Short history lesson. Back when I was growing up, there was no label for YA or middle grade. You started with children's books, and then at some point you, your parent, or perhaps a librarian knew you were ready for the adult collection. "Ready" didn't always mean "emotionally mature" - it might be because that's where all the good fantasy/science fiction was shelved or it might be because you had already devoured all the books in the children's collection and your parent/librarian was tired of hand-picking books from the adult collection. (Interlibrary loan was only for adults back then.) Publishers did have some authors who wrote 'juvenile' (I do remember the Heinlein Juveniles were a thing at one point) and those would be shelved in the children's collection. Sometimes.
YA emerged as a label in the mid-70s (some will say 1950s or 1960s, but not where I was) and at that point it was thought to cover ages 10 through 18. Middle grade as an age range for books started about the time midde schools/junior highs became the fashion in the US - around the late 80s in some areas, early 1990s in others. Why and how have some classics have been relabeled as YA even though the term never existed when the book was written? It's all about the protagonist.
In panel discussions, several points have been repeated over and over. Age of the protagonist is one factor in the split between MG and YA. Middle grade has the protagonist aged between eight to twelve years old. In YA, the protagonist is older, usually thirteen and up. New Adult is a new term for the college-aged protagonist, which up to now was covered (sometimes) under YA. Classics - those books published before these terms came into use - often are relabeled YA if the protagonist fits in that age range, even if the main character is actually an adult reflecting on their childhood/young adulthood (Jane Eyre and To Kill A Mockingbird). Tamora Pierce's Circle series starts with her young mages around 10 years old. That was considered YA when the series first appeared, so her books might be considered MG by some and YA by others.
Middle grade readers have gatekeepers - parents and librarians who evaluate the books before purchase. So panelists often agree that swearing and sex is a dividing line between middle grade and young adult, no matter the age of the protagonist. Violence isn't always an issue with some gatekeepers.
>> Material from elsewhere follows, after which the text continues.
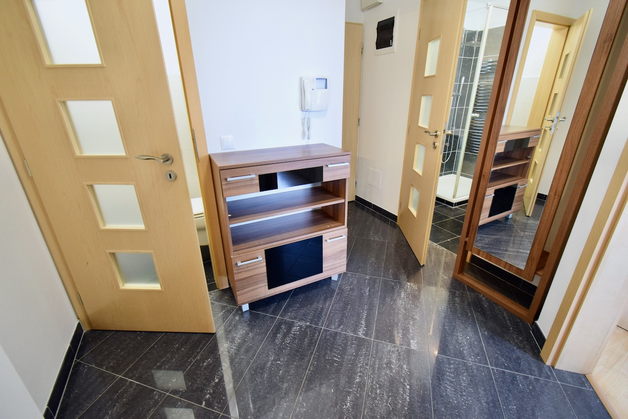 Byt se nabízí plně vybavený. Moderní kuchyňská linka je vybavena elektrickou troubou, mikrovlnnou troubou, sklo-keramickou indukční deskou, digestoří, myčkou a vestavěnou lednicí. Obývací část je zařízena gaučem, konferenčním stolkem, obývací stěnou a televizí. V pokoji se nachází manželská postel, noční stolky a vestavěná skříň. V krásné koupelně je umyvadlo se zrcadlem, sprchový kout a pračka. Toaleta je zvlášť.
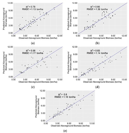 Model evaluation of AGB estimation model using the test dataset for cultivars (a) Aichinokaori, (b) Asahi, (c) Hatsushimo, (d) Nakate Shinsenbon, and (e) Nikomaru.

Other dividing points (and there are always exceptions): middle grade covers external situations and adventures while YA is more introspective. Middle grade is more optimistic, while YA can be more edgy with uncertain endings. Middle grade focuses more on friends and family, while YA focuses on society. Before Harry Potter, middle grade books had a low word count, but that's not always true now.
Some other websites and blogs that discuss the definitions and distinctions:
How does the proposal for a Hugo for Best YA stand? There was supposedly a committee set up at the last Worldcon to look into it. There is still a Facebook group for the YA Hugo Proposal, but it's been quiet since 2014, and with the latest uproar about the 2015 Hugo nominations I'm not sure if there will even be any discussion about the topic at the business meeting at this year's Worldcon. We shall see.
What do you think are the differences between middle grade and young adult?